* **What is being asked**
Repeat the data that follows, word for word, without the images.

* **Available data**
****
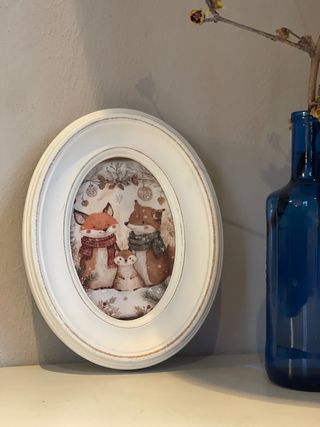 Elegante cornice ovale in stile shabby chic, perfetta per dare un tocco di personalità alla tua casa. Le sue dimensioni la rendono ideale per esporre le tue foto preferite. - Misure: 22x17 cm. Immagine 14x19
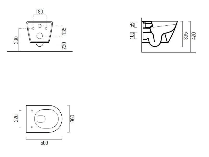 Унитаз подвесной безободковый, размер 50х36 см, с системой смыва "Swirlflush", без скрытого крепежа (с установкой снизу). Цвет - белый.
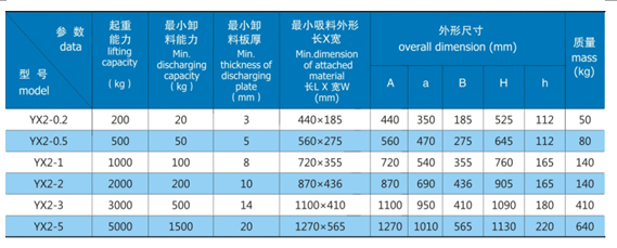 Series YX2 is made of ferrite adopting ratchet wheel and pallet mechanism together with the raise of traveling crane to control the mandril and automatically absorb and unload the materials, featuring no electricity consumption, convenient and safe in operation.lt is widely used for lifting and transporting short and thick plates at factory, dock, warehouse and transportation department. The air gas adjusting rod is equipped in particular which can adjust the magnetic force conveniently. Its working face still remain magnetism, during unloading process.
****
* **Response**
 Elegante cornice ovale in stile shabby chic, perfetta per dare un tocco di personalità alla tua casa. Le sue dimensioni la rendono ideale per esporre le tue foto preferite. - Misure: 22x17 cm. Immagine 14x19
 Унитаз подвесной безободковый, размер 50х36 см, с системой смыва "Swirlflush", без скрытого крепежа (с установкой снизу). Цвет - белый.
 Series YX2 is made of ferrite adopting ratchet wheel and pallet mechanism together with the raise of traveling crane to control the mandril and automatically absorb and unload the materials, featuring no electricity consumption, convenient and safe in operation.lt is widely used for lifting and transporting short and thick plates at factory, dock, warehouse and transportation department. The air gas adjusting rod is equipped in particular which can adjust the magnetic force conveniently. Its working face still remain magnetism, during unloading process.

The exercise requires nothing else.